Fair game

A new set of principles aims to help journalists improve their understanding of fair use

News breaks. A crime, an accident, a natural disaster. The newsroom starts gathering information, and among the sources reporters and editors look to are Facebook and Twitter feeds, chock full of pictures and short videos. The newsroom is putting together its first post on the incident. Here’s the question: Can those Facebook and Twitter pictures—content created by someone else, who wasn’t paid to contribute to the publication—be part of it?

“It’s all been copyrighted and it all belongs to someone,” says Patricia Aufderheide, director of American University’s Center for Social Media. “Should you get permission? Time is ticking, and time is the essence of journalism.”

Friday, at TEDxPoynterInstitute, the Center for Social Media released a “Set of Principles in Fair Use for Journalism” that they hope will help reporters and editors answer questions just like these. Aufderheide and her collaborators have found that as newsrooms expanded to digital platforms and more journalists set up shop as independent reporters and critics, the profession as a whole has grown more cautious about incorporating copyrighted content into new work, shying away from using pictures, audio, and video, even when fair use tenets of copyright law would allow for it.

“You have people making decisions based on fear and hesitation and doubt—and legitimate desire to respect other people’s work,” she says.

The new principles are meant to give journalists a tool to make these decisions based, instead, on the consensus of their professional community. This is the tenth such consensus document that the Center for Social Media has produced; researchers there have gone through this process with all manner of creative communities and educators—documentary filmmakers, English teachers, creators of OpenCourseWare, librarians, poets, communications scholars, dancers. They begin by interviewing people in the field about how they do the work where copyright concerns might arise. In this case, they interviewed 80 journalists, in small groups drawn from the membership rolls of the Society for Professional Journalists and the Online News Association.

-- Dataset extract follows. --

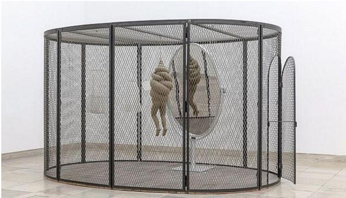
Slika 2. Louise Bourgeois, Ćelija XXVI, 2005., metal, tkanina, ogledalo

Još jedna bitna figura u polju reprezentiranja trauma u vizualnoj sferi je francuska umjetnica Louise Bourgeois koja se kroz materijale i procese u stvaranju svojih umjetničkih djela nosila sa prerađivanjem problematičnih i traumatskih sjećanjima iz djetinjstva. Serija od 60 radova pod imenom “Ćelije”, od kojih sam izdvojila primjere (slika 2. i 3.), nudi psihološki svijet vlastite borbe u eksploraciji doma iz djetinjstva, memorija i fantazija. Zatvorene forme instalacija su jedinstvene arhitektonske jedinice koje su po objašnjenju umjetnice “kuće koje udomljuju strahove”. Sagrađeni kao kavezi, svaka ćelija je ispunjena kolekcijom sakupljenih objekata koji su odraz njenog djetinjstva. U isto vrijeme zatvori patnje i kuće sigurnog raja, sadržavaju memorije traumatičnih događaja, ali isto tako i fantazije idealnog doma u smislu potrebe da rekonstruira svoju prošlost nad kojom može imati kontrolu i izmjeniti ju.

“We found people who were very rigorously employing their fair use rights in text and going to the other extreme when using audio for video,” Aufderheide says.

In the groups, the journalists discussed what a good journalist should be able to do without needing special clearance from an editor or a lawyer. From those talks, the center drew up the set of principles, ran it past a bank of lawyers, and created the new guide. The seven principles are:

•Fair use applies to the incidental and fortuitous capture of copyright material in journalism
•Fair use applies when journalists use copyrighted material as documentation, to validate, prove, support, or document a proposition.
•The use of textual, visual and other quotations of cultural material for purposes of reporting, criticism, commentary, or discussion constitutes fair use.
•Fair use applies to illustration in news reporting.
•Fair use applies to journalistic incorporation of historical material.
•The use of copyrighted material to promote public discussion and analysis can qualify as fair use.
•Fair use can apply to the quotation of earlier journalism.

What do these mean in practice? If journalists don’t have an easy sense of what fair use allows, these principles don’t immediately make clear whether some particular Facebook photo is fair game or not—at least, they didn’t for me. So I asked Aufderheide to help me apply the principles to a particular question I’d encountered the day before.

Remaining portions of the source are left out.